DEPRECATED — Please use gemma-4-E2B-sec-extraction-GGUF-v2 instead.
v2 was trained on a combined instruction + corrective dataset (3,957 examples vs. 2,726) and shows measurably stronger extraction quality, including a 2 percentage point reduction in hallucination rate versus the base Gemma 4 E2B model (10.7% vs. 12.7%). v2 also improves symbol compliance (+0.9%), reduces bare number errors (-0.8%), and eliminates year-as-value hallucinations entirely.
This v1 model remains available for reproducibility but is no longer recommended for production use.
Gemma 4 E2B — SEC Financial Extraction (v1, GGUF) [DEPRECATED]
A fine-tuned Gemma 4 E2B model specialized for extracting structured financial data from SEC Exhibit 10 material contracts. Quantized to Q4_K_M GGUF for efficient local inference.
What This Model Does
Given raw text from an SEC filing (employment agreements, credit facilities, merger agreements, etc.), this model extracts structured JSON containing:
- Metadata — effective dates and contracting party names
- Financial terms — dollar amounts and percentages classified into 13 categories (salary, bonus, severance, equity_grant, credit_facility, interest_rate, etc.)
- Debt covenants — financial maintenance tests classified into 7 categories (leverage_ratio, interest_coverage, debt_service, net_worth, etc.)
Why You Should Use v2 Instead
| Metric | v1 | v2 | Delta |
|---|---|---|---|
| Hallucination phrase rate | — | 10.7% (vs 12.7% base) | -2.0pp |
| Symbol compliance | — | 84.3% (vs 83.4% base) | +0.9pp |
| Bare number rate | — | 8.8% (vs 9.6% base) | -0.8pp |
| Year-as-value errors | — | 0 (vs 1 base) | Eliminated |
| Training examples | 2,726 | 3,957 | +45% |
| Training signal | Positive only | Positive + corrective + hard negatives | Richer |
v2 is a strict upgrade — same base model, same hardware requirements, better extraction quality across all measured dimensions.

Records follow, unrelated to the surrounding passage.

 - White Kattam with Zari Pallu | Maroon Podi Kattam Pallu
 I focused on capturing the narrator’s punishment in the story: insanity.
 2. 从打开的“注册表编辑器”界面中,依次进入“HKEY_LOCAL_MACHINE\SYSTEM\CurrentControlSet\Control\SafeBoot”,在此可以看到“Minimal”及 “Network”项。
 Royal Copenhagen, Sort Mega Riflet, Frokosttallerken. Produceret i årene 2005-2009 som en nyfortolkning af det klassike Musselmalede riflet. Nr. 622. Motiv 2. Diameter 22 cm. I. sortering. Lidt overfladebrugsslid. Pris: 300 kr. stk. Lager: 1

Upgrade: TheTokenFactory/gemma-4-E2B-sec-extraction-GGUF-v2
Usage
LM Studio
- Download
gemma-4-E2B-it.Q4_K_M.gguf(3.4 GB) - Import into LM Studio
- Set GPU Layers to max (35/35), Context Length to 4096
- Send extraction prompts via the chat API at
http://localhost:1234/v1
Python (via OpenAI-compatible API)
from openai import OpenAI
client = OpenAI(base_url="http://localhost:1234/v1", api_key="lm-studio")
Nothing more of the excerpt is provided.